--- Provided records ---
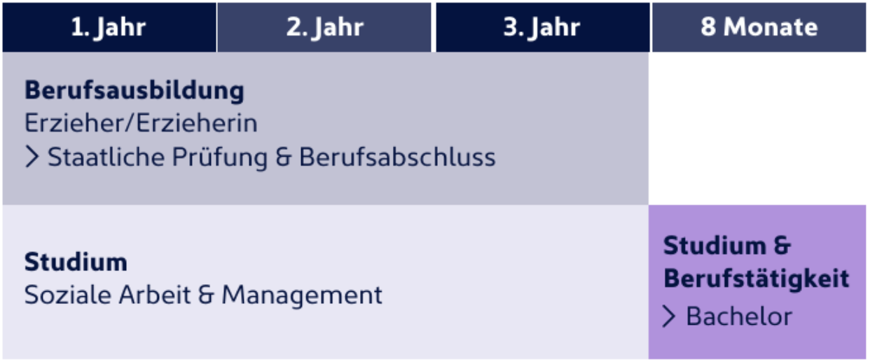 Das Studium findet parallel zur fachschulischen Ausbildung statt. Die abschließende Bachelorarbeit wird nach dem Ausbildungsende berufsbegleitend geschrieben.
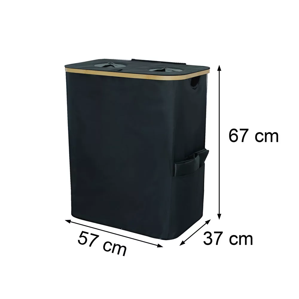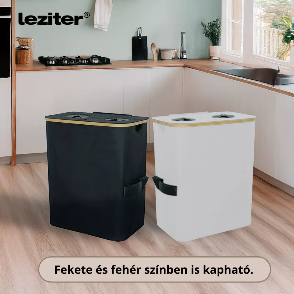 Dwukomorowy kosz na butelki Leziter o pojemności 140 litrów ma 67 cm wysokości, 57 cm szerokości i 37 cm głębokości, dzięki czemu nie tylko oferuje dużą pojemność, ale także zajmuje niewiele miejsca. Dzięki swojemu kształtowi można go łatwo umieścić w kuchni, biurze lub garażu.
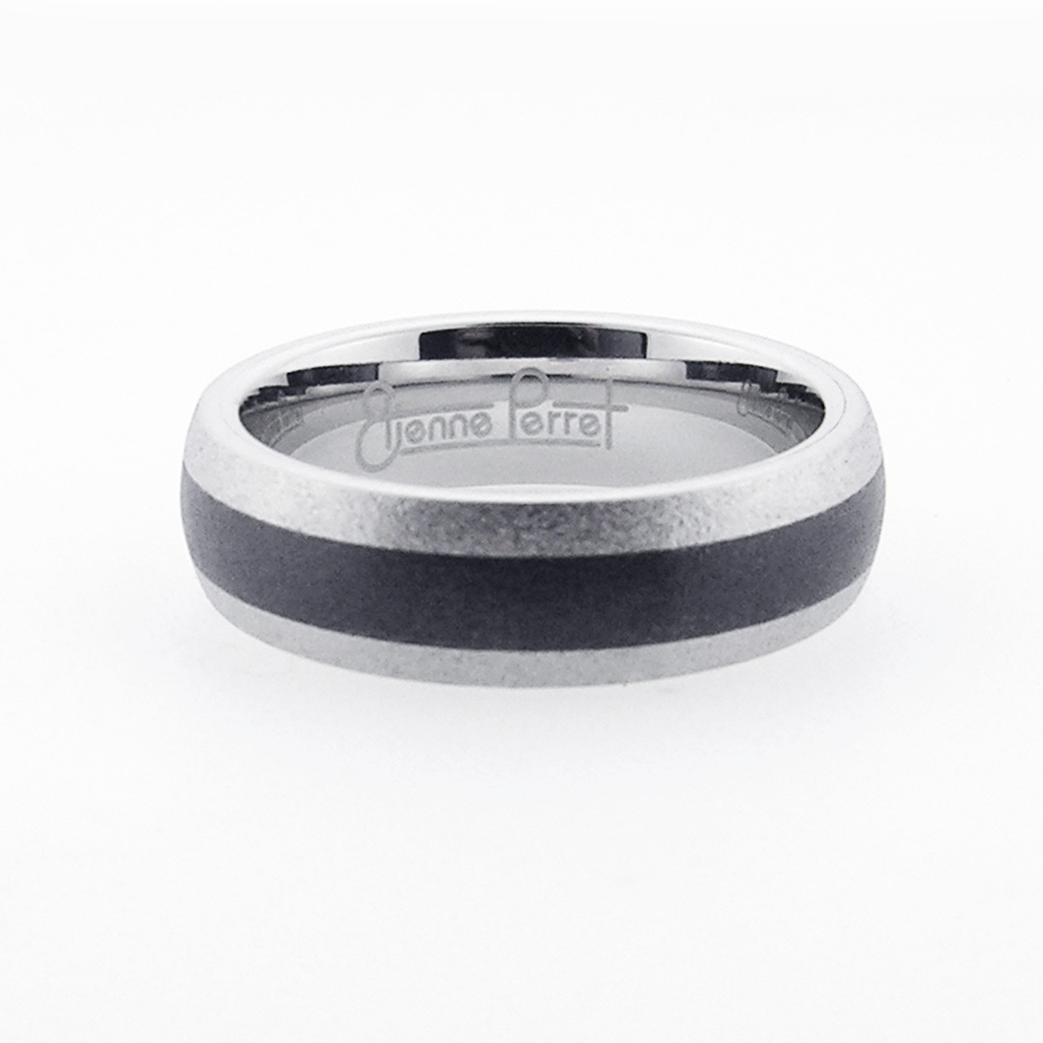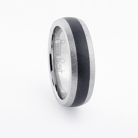 The Matte Thin Black Stripe Ring features a striped design that is one of a kind. A ring like none other, this cobalt ceramic dome band is sure to start envious conversations. The cobalt chrome stripe of matte in this modern design is perfect for those who don't like a lot of flash. With the quality that the Etienne Perret name guarantees, this ring will go with any outfit and last a lifetime with its durable structure and solid material.
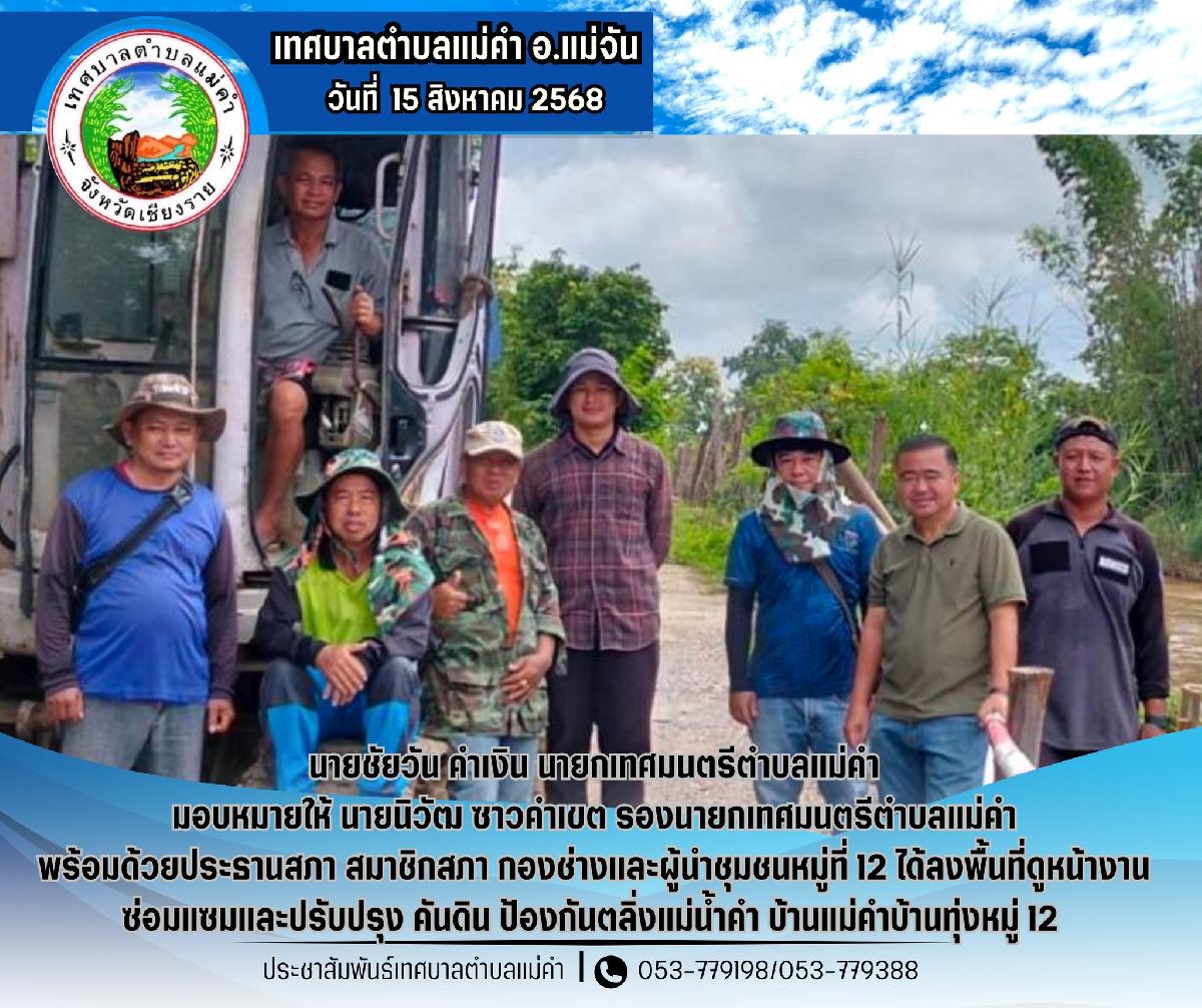 นายชัยวัน คำเงิน นายกเทศมนตรีตำบลแม่คำพร้อมด้วย นายนายประเสริฐ รีอินทร์ ประธานสภาเทศบาลตำบลแม่คำ สมาชิกสภาและผู้นำชุมชน ลงพื้นที่ติดตามหน้างานเทหินคลุก บ้านแม่คำบ้านทุ่ง หมู่ที่ 12
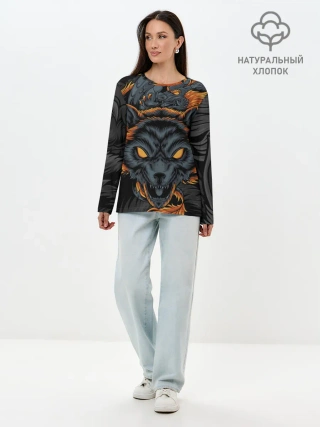 Лонгслив женский. Хлопок / Волк и дракон
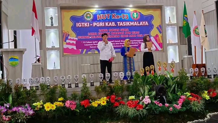 TRANSJABAR.COM | Peringatan HUT ( Hari Ulang Tahun Ikatan Guru Taman Kanak – Kanak Indonesia ( IGTK ) ke 73 Kabupaten Tasikmalaya dilaksanakan di Aula Pendopo di lingkungan Setda Tasikmalaya, Rabu (31/05/2023).
---
Retype the lines from the one containing "Лонгслив женский. Хлопок / Волк и дракон" down to the last line of the records, both included, exactly and nothing more. Pictures stay out.

■ **Response**:
 Лонгслив женский. Хлопок / Волк и дракон
 TRANSJABAR.COM | Peringatan HUT ( Hari Ulang Tahun Ikatan Guru Taman Kanak – Kanak Indonesia ( IGTK ) ke 73 Kabupaten Tasikmalaya dilaksanakan di Aula Pendopo di lingkungan Setda Tasikmalaya, Rabu (31/05/2023).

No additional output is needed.